Metabolism of pyrazolo(3,4-d)pyrimidines in Leishmania braziliensis and Leishmania donovani. Allopurinol, oxipurinol, and 4-aminopyrazolo(3,4-d)pyrimidine.

作者信息

Nelson D J, Bugge C J, Elion G B, Berens R L, Marr J J

出版信息

J Biol Chem. 1979 May 25;254(10):3959-64.

PMID:438170
Abstract

Leishmania donovani and Leishmania braziliensis grown in culture formed millimolar concentrations of allopurinol ribonucleoside 5'-monophosphate from [6-14C]allopurinol. In addition, allopurinol 1-ribonucleoside, oxipurinol riboside 5'-monophosphate, and three new metabolites of allopurinol, namely, 4-aminopyrazolo(3,4-d)pyrimidine ribonucleoside 5'-monophosphate and the corresponding di- and triphosphates (1-ribosyl 4-aminopyrazolo(3,4-d)pyrimidine 5'-diphosphate and 1-ribosyl 4-aminopyrazolo(3,4-d)pyrimidine 5'-triphosphate) were identified in the parasitic cells. They were formed via a unique amination reaction from 1-ribosyl allopurinol 5'-phosphate, analogous to the conversion of IMP to AMP. [6-14C]Allopurinol was incorporated into RNA of L. donovani in the form of 4-aminopyrazolo(3,4-d)pyrimidine. Adenine reversed the growth inhibition of allopurinol and prevented its metabolism to all of the ribonucleotide metabolites. L. donovani was 2- to 4-fold more active in its metabolism of allopurinol to ribonucleotides than L. braziliensis. 4-Aminopyrazolo(3,4-d)pyrimidine inhibited cell growth and resulted in high intracellular levels of 1-ribosyl allopurinol 5'-phosphate and smaller amounts of the 4-aminopyrazolo(3,4-d)pyrimidine ribonucleotides.
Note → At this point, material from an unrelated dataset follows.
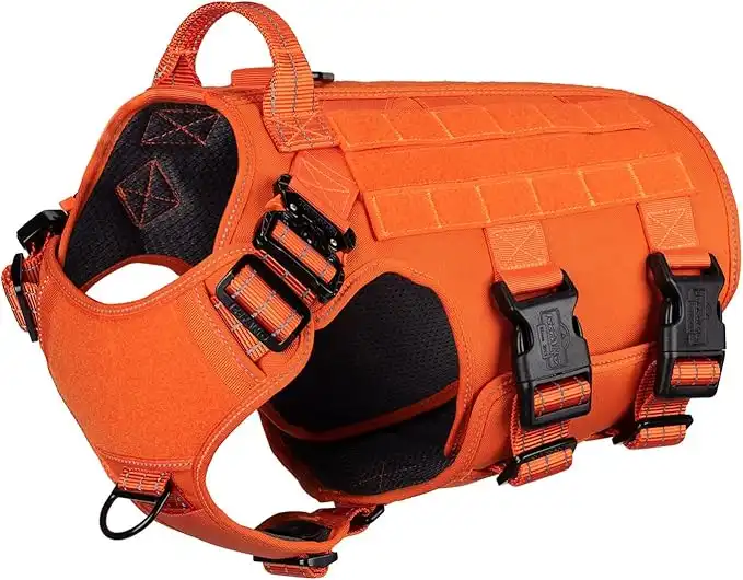 amazon.aeICEFANG GN5 Tactical Dog Harness,Hook and Loop Panels,Walking Training Work Dog MOLLE Vest with Handle,No Pulling Front Leash Clip,6 x Buckle (L (Neck:18"-24" ; Chest:28"-35"), Reflective Orange)

The metabolism of allopurinol to 4-aminopyrazolo(3,4-d)pyrimidine ribonucleotides and its resultant cytotoxicity occurs in these parasitic protozoans, but not in mammalian cells.

摘要

在培养物中生长的杜氏利什曼原虫和巴西利什曼原虫能将[6-¹⁴C]别嘌呤醇转化为毫摩尔浓度的别嘌呤醇核糖核苷5'-单磷酸。此外,还在寄生细胞中鉴定出了别嘌呤醇1-核糖核苷、氧嘌呤醇核糖核苷5'-单磷酸以及别嘌呤醇的三种新代谢产物,即4-氨基吡唑并[3,4-d]嘧啶核糖核苷5'-单磷酸及其相应的二磷酸和三磷酸(1-核糖基4-氨基吡唑并[3,4-d]嘧啶5'-二磷酸和1-核糖基4-氨基吡唑并[3,4-d]嘧啶5'-三磷酸)。它们是通过1-核糖基别嘌呤醇5'-磷酸的独特胺化反应形成的,类似于肌苷酸向腺苷酸的转化。[6-¹⁴C]别嘌呤醇以4-氨基吡唑并[3,4-d]嘧啶的形式掺入杜氏利什曼原虫的RNA中。腺嘌呤可逆转别嘌呤醇对生长的抑制作用,并阻止其代谢为所有核糖核苷酸代谢产物。杜氏利什曼原虫将别嘌呤醇代谢为核糖核苷酸的活性比巴西利什曼原虫高2至4倍。4-氨基吡唑并[3,4-d]嘧啶抑制细胞生长,并导致细胞内1-核糖基别嘌呤醇5'-磷酸水平升高,而4-氨基吡唑并[3,4-d]嘧啶核糖核苷酸的量较少。别嘌呤醇向4-氨基吡唑并[3,4-d]嘧啶核糖核苷酸的代谢及其产生的细胞毒性在这些寄生原生动物中发生,但在哺乳动物细胞中不发生。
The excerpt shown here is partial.